Paper ID: | 3114 |
---|---|

Title: | Algebraic tests of general Gaussian latent tree models |

Paper Summary: The paper presents a technique for testing whether a given set of samples are drawn from a postulated Gaussian latent tree model or a saturated Gaussian graphical model. The paper first characterizes a set of necessary and sufficient constraints that any covariance matrix of a Gaussian latent tree model should satisfy. It then uses these constraints to come up with a test statistic. The paper extends past work on testing for Gaussian latent tree models to settings where the observed variables are allowed to have degree up to 2. The test statistic presented in the paper is based on gaussian approximation for maxima of high dimensional sums. Simulations suggest that the test statistic can potentially work in high dimensional settings. Comments: 1) Section 3 is mostly focused on star tree models. The general setting is covered only briefly in the last section. I would have preferred more details about the general setting. If the inequality constraints are considered, will the resulting test statistic still have the distribution in lines 201-202? What will be the exact test when inequalities are considered? 2) [Equation 3.5] For what kind of dependencies among Y_i's does the equation hold? Will the dependencies among Y_i's defined in (3.3) satisfy the required conditions for 3.5 to hold? 3) [High dimensions:] The proposed approach needs to estimate a covariance matrix, which can be rank deficient and very inaccurate when the number of tetrads is larger than the number of samples. As a result the approximation in lines 201-202 could be inaccurate. Given this, I'm surprised that the proposed estimator performed so well in section 4.1. Can this behavior be explained? 4) The paper is mostly well written, however there are some sections which need more details.

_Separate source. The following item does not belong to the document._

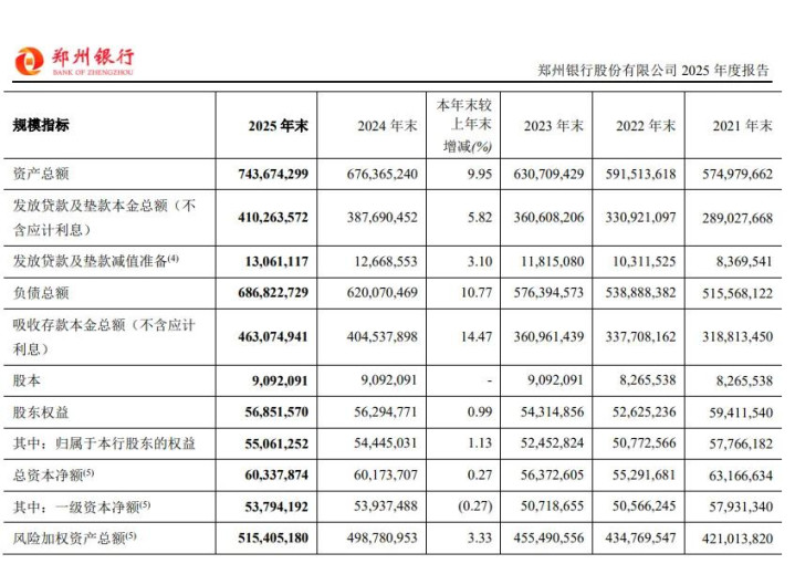 从畛域看,截止2025年末,郑州银行总资产达7436.74亿元,同比增长9.95%,这一增速创下2018年以来新高。更要紧的是,资产畛域在一季度冲突7000亿元后,连气儿三个季度保持隆重增长势头,全年增量达673亿元。这种逐季递进的增长节律,反馈出银行内生增长动能的还原,而非依赖季末冲量等短期时刻。

For example, in line 160, it is not clear what is the "gradient" of tetrad. Lines 159-162 will need more explanation. In line 91, what is a minimal subtree? Also, the proof of Lemma 2.1 will need some more details (especially lines 21-25). In line 21, what is T'|S \leq T|S?

Summary: The authors consider Gaussian latent tree models for which they derive algebraic polynomial constraints. These constraints extend the results of Shiers et al. [2016] and allow for the observed variables to correspond to nodes with degree larger than one (hence observed variables are restricted to being leaf nodes). Based on the polynomial constraints, the authors construct a goodness-of-fit test for the restricted class of star tree models. This test is based on a bootstrap approximation of the asymptotic distribution, in a way that makes this test feasible for practically relevant data sizes. Finally, the proposed test is empirically assessed compared to a LRT for the one factor factor model (which corresponds to the star tree structure). Detailed comments: As this is not my field of expertise, I will not judge the novelty of this paper. However, overall the paper is well written and nicely structured and to the best of my knowledge the results of the paper seem correct. There are, nevertheless, some questions/concerns I had while reading: (1) The first part of the paper (Section 2) extends the results of Shiers et al. [2016] to tree models in which the observed variables do not need to be leaf nodes. While this extension seems interesting it is later not used in the construction of goodness-of-fit tests in Section 3. If the construction of goodness-of-fit tests to more general tree models is too hard, why did the authors introduce the more complicated extension to the tree models in the first place? (2) The results given in Figure 4.1 were rather surprising to me. If the proposed procedure does indeed approximate the exact asymptotic distribution, why does the test become more conservative when the sample size is increased from 250 to 500 (top vs bottom left) for low levels? Also for the LRT why does the method become worse in reaching nominal level for larger sample sizes? Again this test should be asymptotically consistent. (3) In the experiment with Setup 2 the results are quite promising for the proposed procedure. However, to my understanding this is a setting that is close to a model violation for the LRT, therefore it would also be interesting to see how the proposed procedure would behave in terms of a model violation of its own assumptions. For example, if one uses an underlying factor model with two unknown factors.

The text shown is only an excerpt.